25 de janeiro de 2017 - 18:15

O Ministério Público Federal em Marília recorreu ao Tribunal regional, em São Paulo, para reverter decisão do juiz federal da 2ª Vara Federal de Marília, Luiz Antônio Ribeiro Marins, que decretou a extinção da punibilidade e prescrição da pena para o ex-deputado estadual Joseph Zuza Somaan Abdul Massih, condenado por sonegação.

Segundo o procurador Célio Vieira da Silva, responsável pelo caso, houve equívoco na decisão por contagem do prazo prescricional quando ainda não é permitido ao Estado executar a pena. “Assim, a contagem do prazo prescricional mencionado pelo juiz federal deve ser feita a partir do trânsito em julgado para ambas as partes (acusação e defesa), o que ocorre quando não há mais possibilidade de recurso”, diz nota do MPF sobre a medida.

Industrial, o ex-deputado estadual Zuza foi condenado por omitir bens na sua declaração de imposto de renda. A pena ainda foi aumentada em razão do elevado valor sonegado, que causou grave dano à coletividade (art. 1º, I, c/c art. 12, I, ambos da Lei nº 8.137/90).

Em 2008, Zuza foi condenado pela Justiça Federal em Marília/SP a 6 (seis) anos e 8 (oito) meses de reclusão, em regime semiaberto, pela prática de crime de sonegação fiscal. Em 2012 o TRF da 3ª Região manteve a sua condenação, mas reduziu a pena para 3 (três) anos e 3 (três) meses de reclusão, também em regime semiaberto. O réu interpôs recursos ao Superior Tribunal de Justiça e ao Supremo Tribunal Federal, todos negados.
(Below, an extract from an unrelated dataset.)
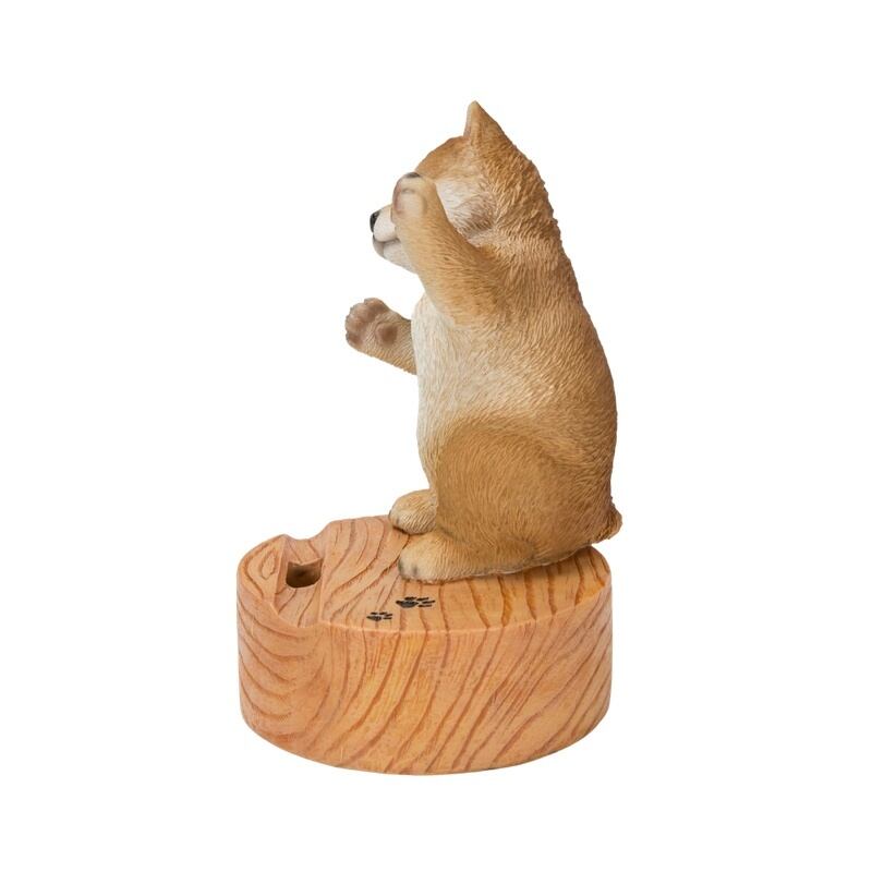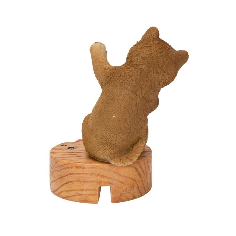 スマートフォンを立てると、ひょっこり顔を出しているようなデザインで、デスクや棚に置くだけで癒しの存在感を放ちます。ナチュラルな木目調の台座と、繊細に表現された表情や毛並みが、インテリア雑貨としても楽しめる仕上がり。
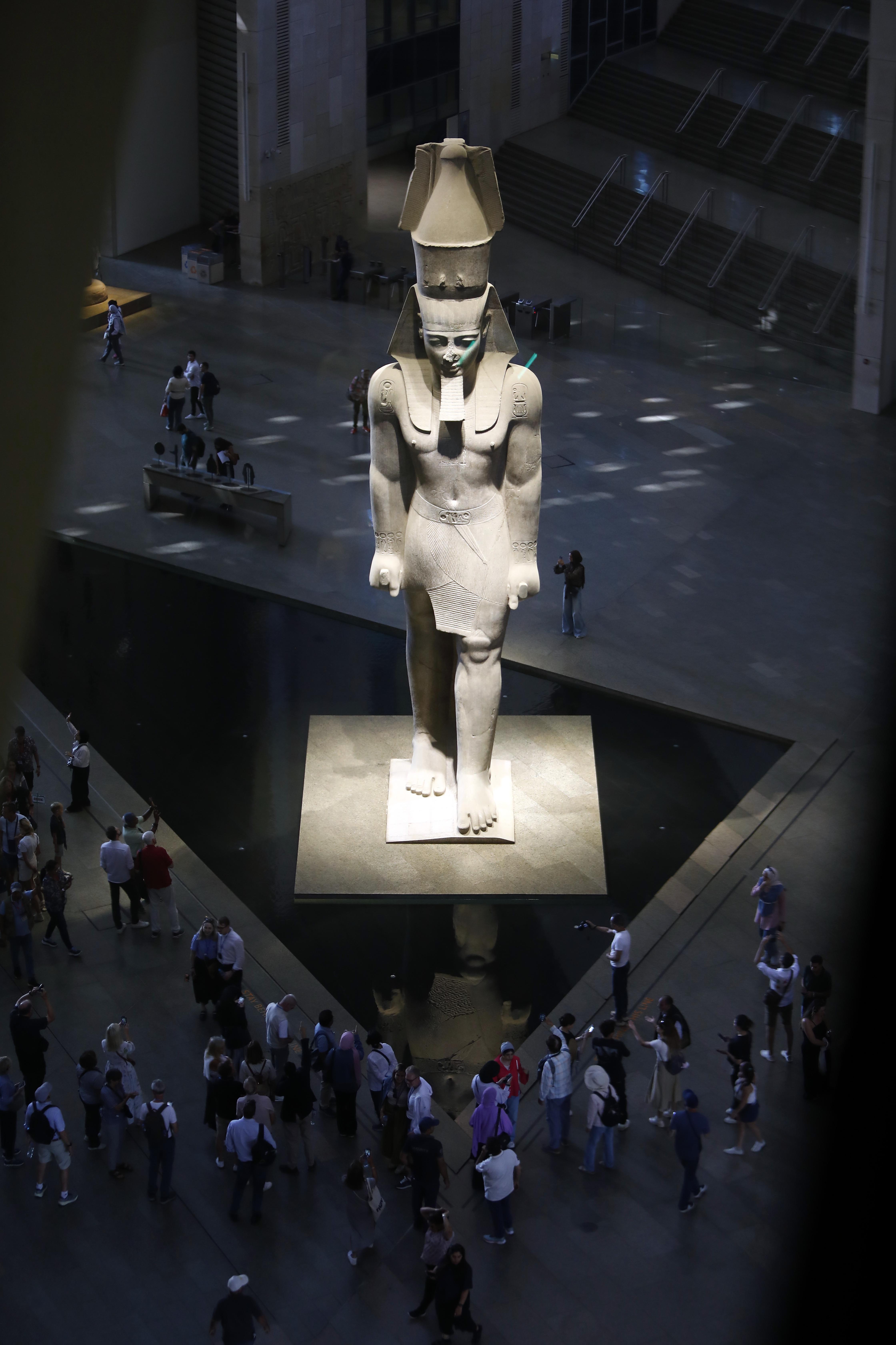 終於,歷經多次復工與調整,博物館建設逐漸收尾。從2022年11月起,館方啟動試運營,向公眾開放外部廣場、中庭大廳、餐飲、商店等區域。拉美西斯二世的巨像首次迎接游客。2023年底,“大樓梯”走廊開放,幾十件不同時期的法老雕像、神像、廟柱等雕刻作品沿階而立,講述古埃及的王權、神明與永恒的故事。

Após o trânsito em julgado da condenação, ocorrido em 30 de março de 2016, foi expedido mandado de prisão, em junho do mesmo ano. A Polícia Federal não conseguiu cumprir a ordem de prisão e considerou ZUza fugitivo. Chegou a articular sua inclusão na relação internacional de procurados da Interpol.

Segundo a decisão de Marins, o ex-deputado estadual não poderia mais ser preso, pois o direito do Estado executar a pena atribuída a Massih teria se esgotado (prescrito) em setembro de 2016, ou seja, 8 (oito) anos após o prazo para que a procuradoria recorresse da sentença condenatória de primeira instância. O MPF não recorreu da decisão de 2008, pois entendeu adequada a pena aplicada.

O procurador diz no recurso enviado ao Tribunal que o prazo de prescrição deve ser contado a partir de 30 de março de 2016, isto é, quando não era mais cabível nenhum recurso pela defesa, momento a partir do qual tornou-se possível executar a pena imposta ao réu.